Some 600 armed police and soldiers worked for six days and nights to dig a 475-meter channel to divert water from the lake.
Soldiers are still widening and deepening the sluice channel with the help of 30 bulldozers and excavators. They are also digging a second sluice channel on another side of the lake barrier.
The soldiers had finished building a third of the new channel, which required the removal of about 60,000 cubic meters of earth and stone, said Liu Yongjian, a PLA officer in charge of the channel.
"We have also prepared underwater blasts to deepen the channels for accelerated drainage," said Liu.
Rao Xiping, head of the Beichuan hydro-meteorological station, said the lake dam remained stable as the drainage continued.
"We have found no obvious expansion of the sluice holes nor fissures in the dam. There is no sign of dam collapse either," said Rao. The staff of his station and soldiers are keeping 24-hour patrol along the dam.
Water Resources Minister Chen Lei warned that increasing rainfall, aftershocks, landslides and leakage were still threatening the barrier.
Rainfall of 400 mm or 500 mm, well above normal levels, was forecast upstream in June and July, posing a risk for the swollen lake, he said.
Landslides could pour another 17 million cubic meters of rock and earth into the lake, threatening a dam burst and workers on the barrier could be swept away, he said.
According to the lake relief headquarters, the lake area had seen nine aftershocks measuring two to 3.2 magnitude in the 24 hours since 1 p.m. on Saturday.

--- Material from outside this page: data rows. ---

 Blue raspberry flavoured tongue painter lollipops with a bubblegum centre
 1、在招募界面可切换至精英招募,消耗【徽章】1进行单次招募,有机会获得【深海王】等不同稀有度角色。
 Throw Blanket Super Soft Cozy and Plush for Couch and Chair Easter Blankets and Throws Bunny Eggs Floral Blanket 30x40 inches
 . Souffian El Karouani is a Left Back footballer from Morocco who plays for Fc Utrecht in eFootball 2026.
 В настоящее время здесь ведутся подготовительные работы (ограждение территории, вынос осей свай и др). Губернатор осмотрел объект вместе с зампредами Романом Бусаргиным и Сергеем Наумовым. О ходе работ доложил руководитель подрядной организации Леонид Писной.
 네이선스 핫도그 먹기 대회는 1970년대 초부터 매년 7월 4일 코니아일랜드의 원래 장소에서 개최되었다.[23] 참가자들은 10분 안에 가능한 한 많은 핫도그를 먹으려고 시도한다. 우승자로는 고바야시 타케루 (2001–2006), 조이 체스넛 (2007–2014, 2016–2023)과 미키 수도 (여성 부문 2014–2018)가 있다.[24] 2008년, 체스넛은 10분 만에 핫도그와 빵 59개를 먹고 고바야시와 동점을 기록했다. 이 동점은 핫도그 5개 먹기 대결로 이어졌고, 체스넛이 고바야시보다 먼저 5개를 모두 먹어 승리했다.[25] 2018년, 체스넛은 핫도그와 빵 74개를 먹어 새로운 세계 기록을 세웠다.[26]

However, the possibility of a strong aftershock measuring six or above on the Richter scale directly endangering the dam was slim.

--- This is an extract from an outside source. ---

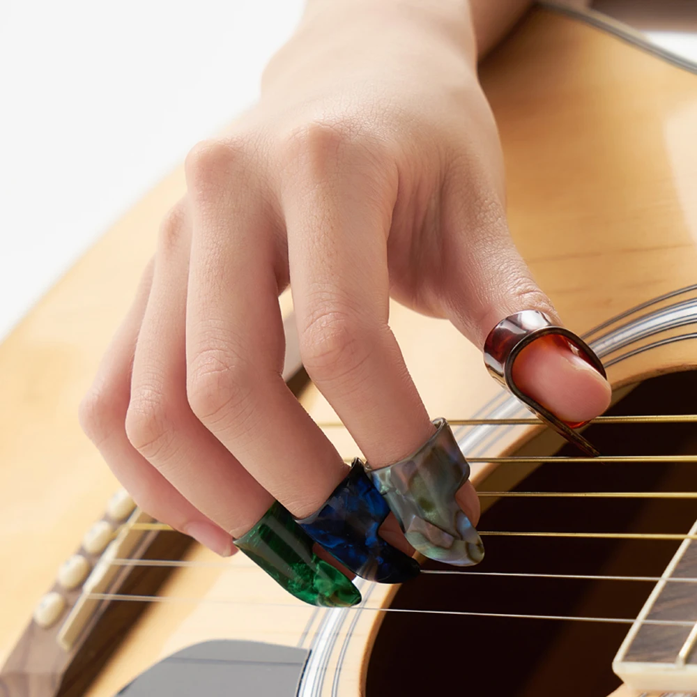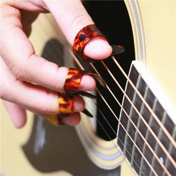4 шт.компл. 1 Thumb + 3 пальца целлулоидные медиаторы для гитары Fingerpicks Гитарного медиатора оболочка для акустической Электрогитары Толщина ZXH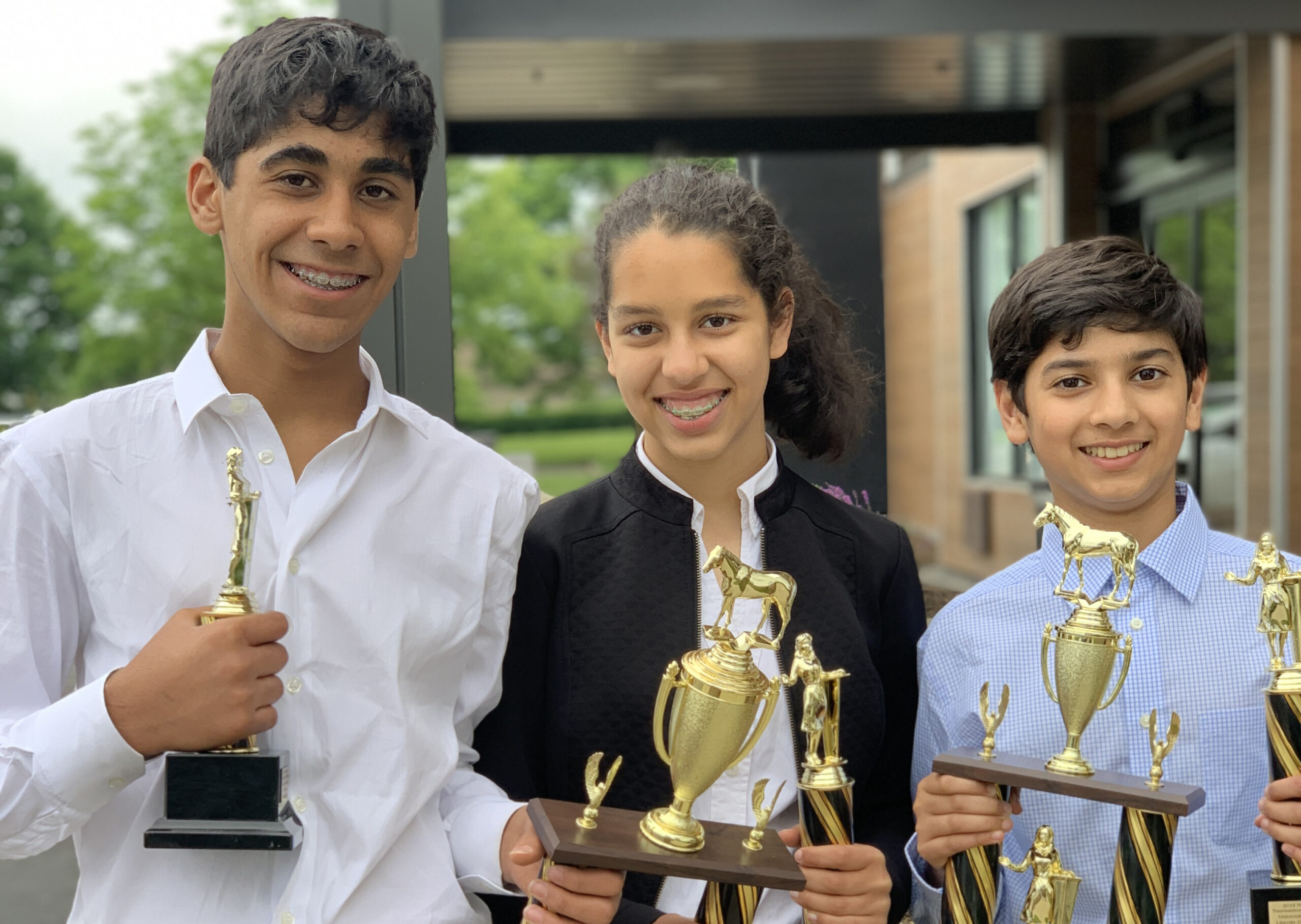 The team won first place in overall sweepstakes for the best performance at the tournament by any school. Shoring up this award were the top speaker in Lincoln-Douglas debate, Ansh Sheth, grade 7, and top speaker in policy debate, Deeya Viradia, grade 8. Arjun Krishna, grade 7, Krishna Mysoor, grade 7, and Mir Bahri, grade 8, also won debate speaker awards.

Geologists with the Chinese Academy of Sciences arrived at the dam on Sunday morning by helicopter to conduct a geological study of the dam.
"We planned to take dam samples with drills from eight spots on the dam for a long-term study," said Pu Zhiyong, an expert.

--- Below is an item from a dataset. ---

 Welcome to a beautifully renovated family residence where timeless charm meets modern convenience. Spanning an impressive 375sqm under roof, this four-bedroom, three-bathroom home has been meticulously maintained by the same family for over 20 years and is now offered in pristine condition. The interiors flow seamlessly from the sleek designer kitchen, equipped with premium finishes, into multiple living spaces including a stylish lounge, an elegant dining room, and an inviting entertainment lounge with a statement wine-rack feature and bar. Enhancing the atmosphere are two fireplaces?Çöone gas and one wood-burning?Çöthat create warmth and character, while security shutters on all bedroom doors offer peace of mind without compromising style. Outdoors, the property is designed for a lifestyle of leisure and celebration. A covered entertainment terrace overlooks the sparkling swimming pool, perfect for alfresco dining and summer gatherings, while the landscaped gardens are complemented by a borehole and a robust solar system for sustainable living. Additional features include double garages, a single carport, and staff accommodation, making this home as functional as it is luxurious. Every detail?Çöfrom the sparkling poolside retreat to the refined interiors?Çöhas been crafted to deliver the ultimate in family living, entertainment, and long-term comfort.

He said experts had set up monitoring systems, like cameras, on the two sides of the dam.
The Tangjiashan "quake lake" was formed after a massive quake-triggered landslide from Tangjiashan Mountain blocked the Tongkou River, which ran through the Beichuan County, one of the worst-hit areas in the quake.
The swollen lake is the largest of more than 30 quake lakes in Sichuan following the May 12 quake, posing a threat to 1.3 million people downstream.
More than 250,000 people in low-lying areas in Mianyang have been relocated under a plan based on the assumption that a third of the lake volume breached its banks.
Two other plans require the relocation of 1.2 million people if half the lake volume is released or 1.3 million if the barrier is fully opened.